|Vol. 21, No. 17||September 15, 1999|
by ROGER WIDMEYER
Texas Medical Center News
Hospice, a word which comes for the Greek word for hospitality, is not so much a place as it is a philosophy of patient care. Hospices as places do date back to medieval Europe when they served as rest sites for tired or lost travelers, the sick, women about to give birth - and the dying.
"Today, it's both a concept and a place," says Brandy R. Hicok, R.N., vice president of patient services at The Hospice at the Texas Medical Center.
The Hospice opened in 1983 and is one of about 40 hospices in the Houston metropolitan area. The Hospice at the Texas Medical Center cares for 160-170 patients per day, over 12,000 annually.
"The hospice concept can be a difficult one for some care givers in acute care settings," says Hicok, who also possesses a bachelor's degree in nursing. "I came to hospice care from an acute care background," she says. "And an important reason I left that setting was my dissatisfaction with the way death was approached. There was a reluctance in many of my co-workers to discuss the fact that the patient was not going to make it, was not going to be cured."
Hicok and her colleagues in hospice care frequently use the word `transition' to describe the mission of their work with patients and families. Hospice care marks a transition from the health care team's efforts at curing a disease to a new period of providing pain relief and emphasis on quality of life for the patient and family. The hospice patient care team includes physician, nurse, social worker, chaplain and volunteer.
"It certainly is not about `giving up.' It's about changing direction," says Hicok. "And in most cases, there is a sense of relief, for both the patient and the family. Our emphases are different than the acute care setting."
Pain relief is the immediate priority. Each member of the hospice team is committed to pain relief because it is difficult to imagine any meaningful quality of life without relief from pain. "We have patients come to us in acute pain, and sometimes with multiple sources of pain," says Hicok. There is the source of pain from the disease itself, and there can be severe headaches, muscle ache, stiffness, constipation, bedsores.
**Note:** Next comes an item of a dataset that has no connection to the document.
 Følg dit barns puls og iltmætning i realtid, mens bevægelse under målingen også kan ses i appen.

"We listen very carefully to what our patient says the needs are, and we medicate accordingly. There remains, unfortunately, quite a bit of stigma about pain medication," says Hicok. "In hospice care, we discuss the need for pain relief with the family and we can teach them to administer medications."
The family is a critical part of the hospice team: over 90 percent of hospice care is provided in the patient's home or family member's home.
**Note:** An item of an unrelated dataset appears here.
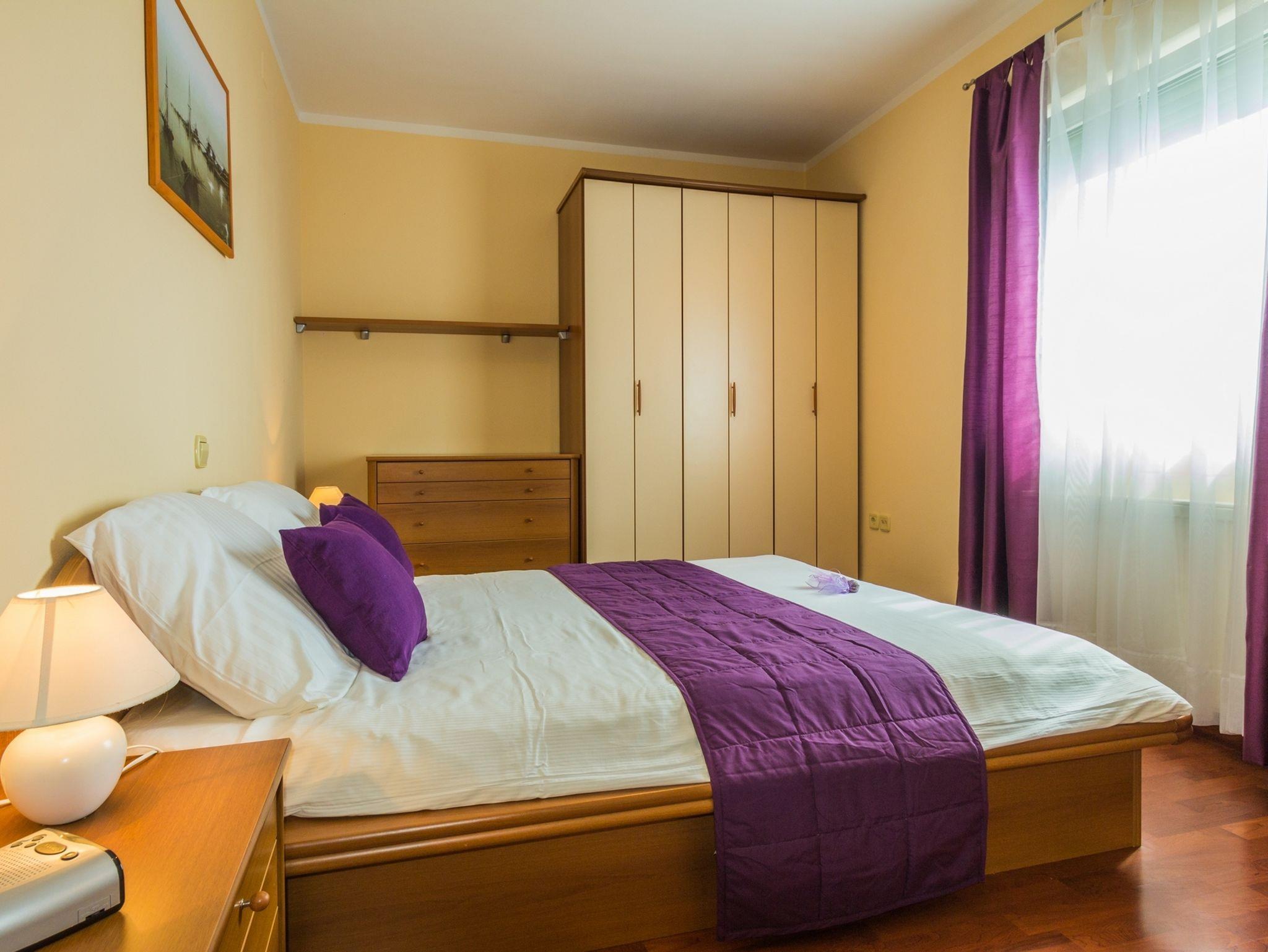 Ferienwohnung bietet Platz für 6 Gäste. Die Betten sind in Schlafzimmern, die es 2 gibt, und in Wohnzimmer, innerhalb einer Gesamtfläche von 102m2, angeordnet. Die Gäste haben eine eigene Terrasse zur Verfügung, auf der sie in warmen Sommernächten genießen können. Das Apartment bietet Meerblick. Es ist erlaubt, Speisen auf dem Gemeinschafts-Grill vorzubereiten. Während ihres Aufenthalts können Gäste das gemeinsam zur Nutzung stehende Schwimmbad benutzen. IM PREIS INBEGRIFFEN: Kurtaxe, Endreinigung, Klimatisierung, Pool, Parkplatz, Internet, Bügeleisen, Bügelbrett, Föhn, Sonnenschirm, Liegestühle. Die Verfügbarkeit zusätzlicher Dienstleistungen in Ihrem reservierten Termin und die Preise derselben (falls nicht aufgeführt) müssen im Voraus überprüft werden. Zusätzliche Dienstleistungen die in der Zahlungsaufforderung nicht aufgeführt sind werden direkt beim Vermieter bezahlt, angenommen der Gast nutzt auch diese.

"As a nurse, hospice care calls for all my skills in assessment," says Hicok. "Importantly for me - and, I think, for anyone involved in hospice care - is also the role of patient advocate. Frequently, patients can feel as if they have no voice, that decisions are being made without their input."
Typically, Hickok says, someone in the family will begin to take a leadership role, because the family will also have urgent needs. The hospice team will offer support, and they will listen. Frequently, the family dynamics become central in the overall patient care. The patient and one or more members of the family may have unresolved conflicts; there is a real need to resolve these.
"When the patient's pain is being managed, there will be several escalating needs to address. A spiritual need, for example. At these phases, we want to have the right person from the team in place.
"During the process of letting go, the patient's world can become smaller, more focused."
When Brandy Hicok was just 3 years old, her father was in a terrible automobile accident. He remained in a coma for six years, dying when Brandy was 9. "Oh, I'm sure that had an enormous effect on me, and I'm in the health care field because I'm most comfortable caring for people - as we did for him.
"But each hospice patient is very unique, and it is a very special and unique setting - whether it's home or here at the Hospice at TMC. And in every case I think the team members experience self-discovery. I know I do. And I become more committed to being an advocate for patient and family, for their safe passage from this life."